Сколько времени проходит не знаю. Час или несколько секунд — я не ощущаю реального положения. Но вдруг вздрагиваю, понимая, что в проёме появляется мать:
— Ты… ты убила его?
Её испуганное лицо врезается в мой новый мир как нечто несуразное. Ведь больше нечего бояться. Самое страшное позади.

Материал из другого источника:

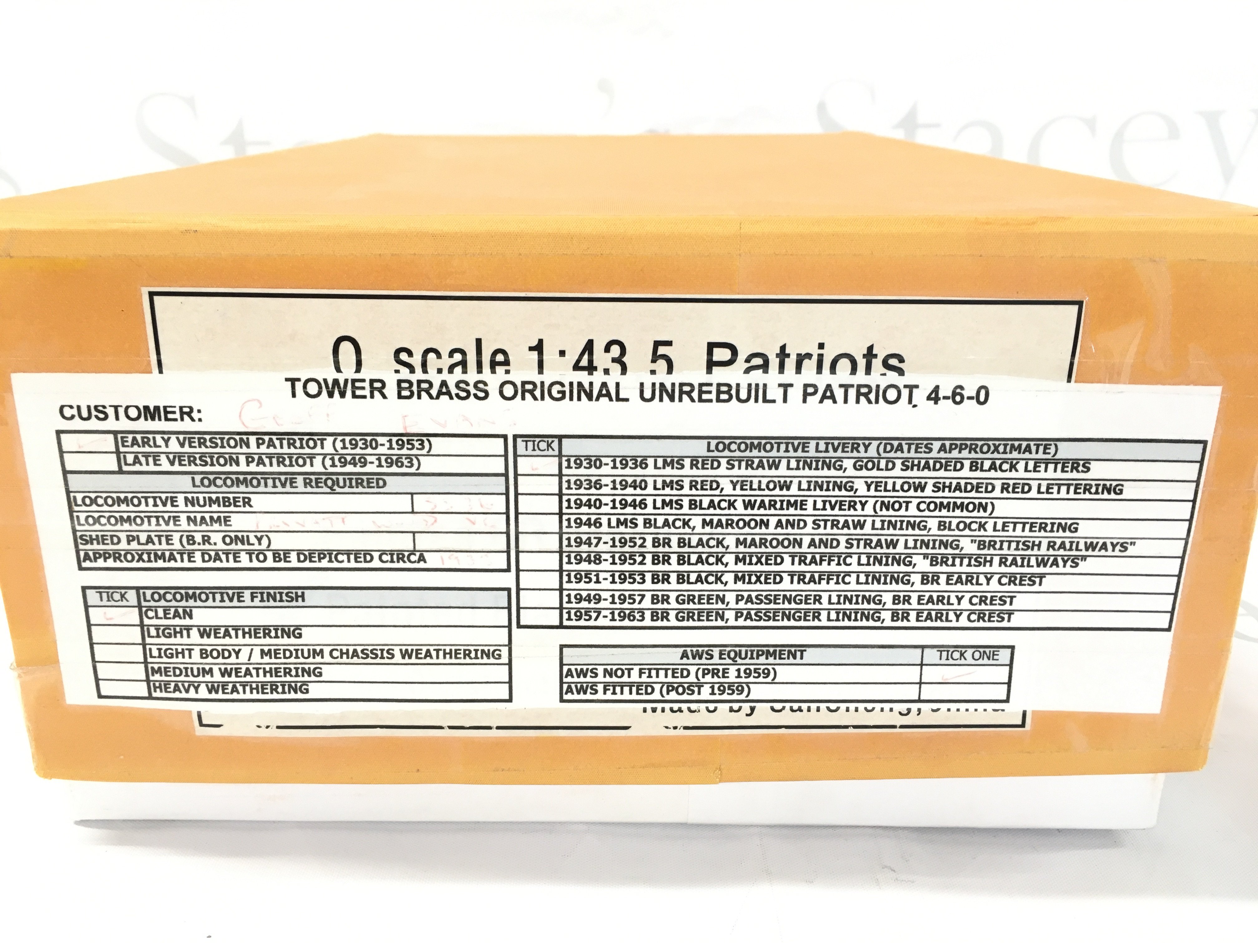 A Tower Models 0 Gauge 4-6-0 Patriot Locomotive With Tender.
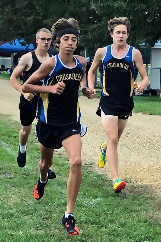 Nathan Strobel (above, photo courtesy of Dale Compton) took fourth in the opening meet of the 2021 Loyola-Cleveland cross-country season, held on the Crusader's course on the Mankato Loyola hill on Wednesday.
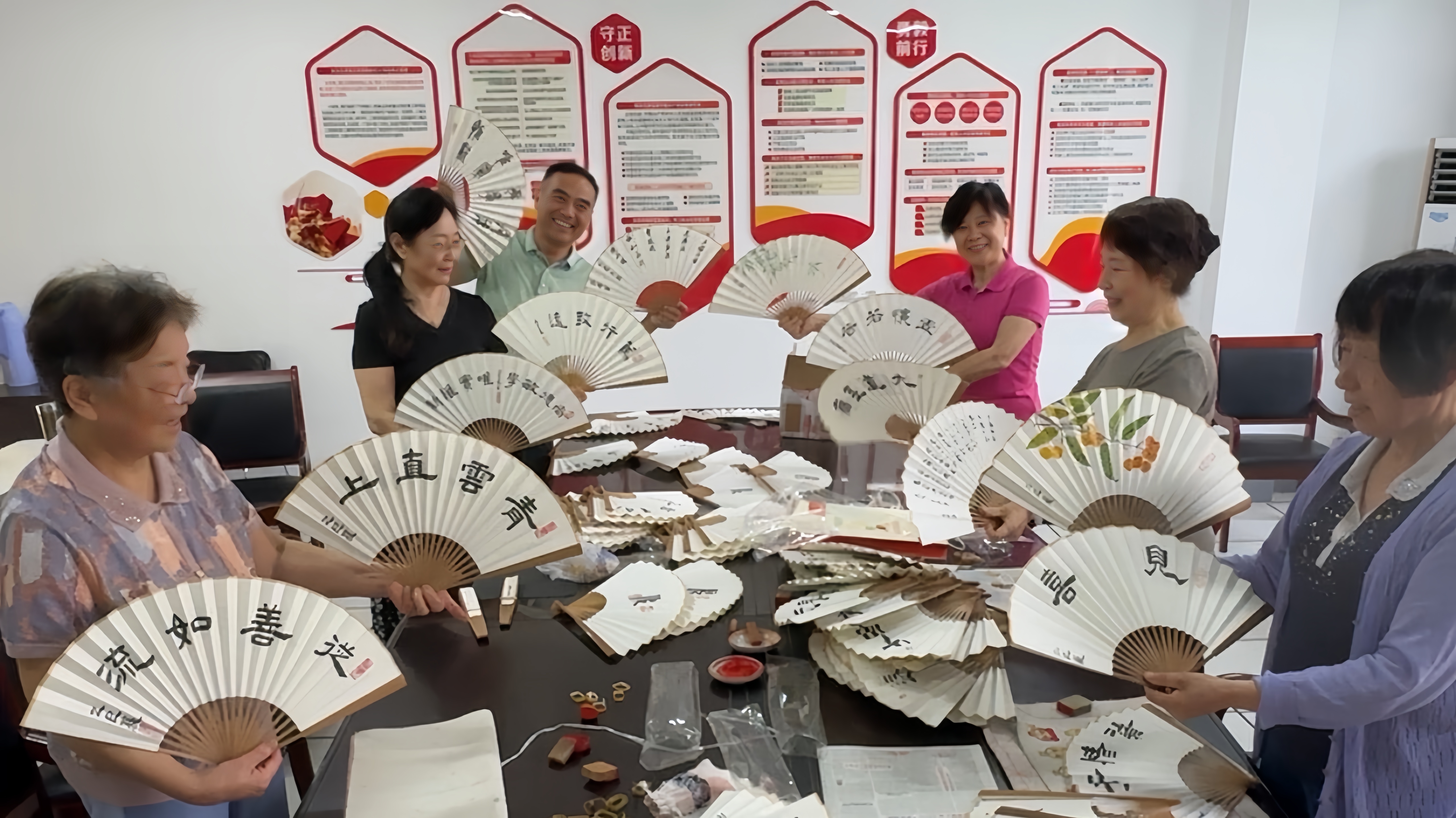 6位退休老教师在160多把折扇扇面上精心绘制书法和国画,还篆刻了专门印章,校训、大学精神、自创诗词……每一幅扇面都是独一无二的艺术品,倾注了退休老教师对同学们浓浓的爱,表达了退休老教师对毕业生满满的祝福。周毅仁老师介绍说,他们从筹划项目到创作扇面、制作纸扇、完成作品,用了数天的时间,但内心一直满怀着激动与深情,很多老教师闻讯都来帮忙,加入项目制作当中。

— Всё хорошо, — произношу я без эмоций. — Теперь всё будет хорошо.
Но мама как будто не понимает.
— Ты убила его, — шепчет она. — Убила, убила. Убила… Что ты натворила, Лера…
Мотаю головой. Я хочу, чтобы она осознала — я только что не дала себя в обиду. Это мне, мне, грозила опасность. Но мать не останавливается.
— Я хотела, чтобы ты росла с отцом. В полноценной семье. Чтобы у тебя всё было. Я вернула его. Ты помнишь? Всё должно было быть по-другому. Лера…
— Я…
— Чего тебе не хватало? Я ведь всё это для тебя делала. Чтобы люди не шептались, что ты без отца растёшь. Что я в подоле принесла. Что ты натворила, что ты хотела, Лера? Что?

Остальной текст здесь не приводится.